Component Interaction Map

                      ┌─────────────────────────────────────────┐
  Black-box Agent ───►│                                         │
  (base_url only)     │         GATEWAY SERVER                  │
                      │         (FastAPI, port 8000)            │
  White-box Agent ───►│                                         │
  (AgentFlow)         └────────────┬────────────────────────────┘
                                   │ Ray RPC (submit_step)
                      ┌─────────────────────────────────────────┐
                      │         DATAPOOL                         │
                      │         (Ray Actor)                      │
                      └──────────────────┬──────────────────────┘
                                         │ fetch_batch()

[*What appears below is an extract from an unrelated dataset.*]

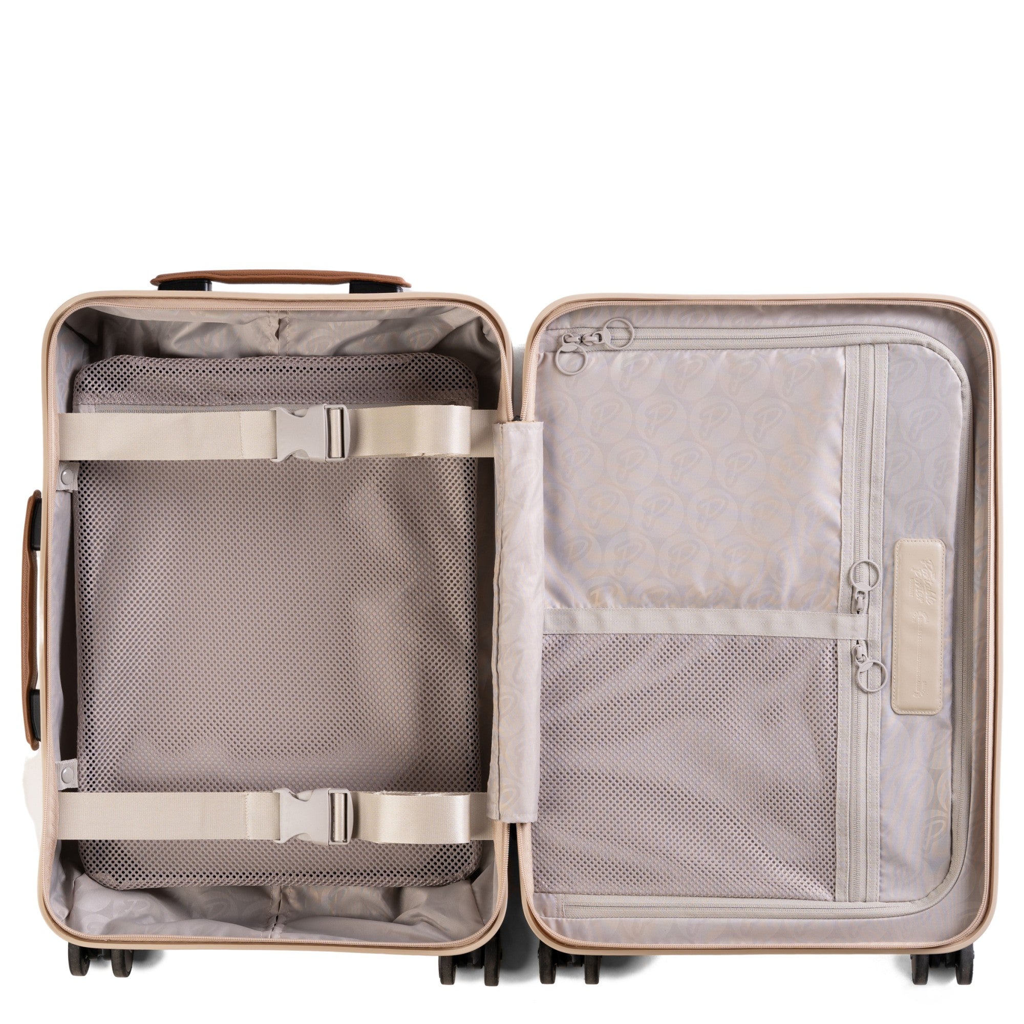 Descubra el The Portable Porter Company Carry On – un elegante trolley de cabina de 4 ruedas en el sofisticado color arena cálida. Esta maleta combina funcionalidad con un diseño atractivo y es el compañero perfecto para sus viajes.

                      ┌─────────────────────────────────────────┐
                      │         ASYNC TRAINER                    │
                      │         (Ray Actor)                      │
                      │   ┌─────────────────────────────────┐   │
                      │   │  Actor │ Critic │ RefPolicy      │   │
                      │   └────────────────────────────────-┘   │
                      └────────────────┬────────────────────────┘
                                       │ weight sync (NCCL)
                      ┌─────────────────────────────────────────┐
                      │         ASYNC ROLLOUTER                  │
                      │         (Ray Actor, rollout GPU pool)    │
                      │         vLLM servers                     │
                      └─────────────────────────────────────────┘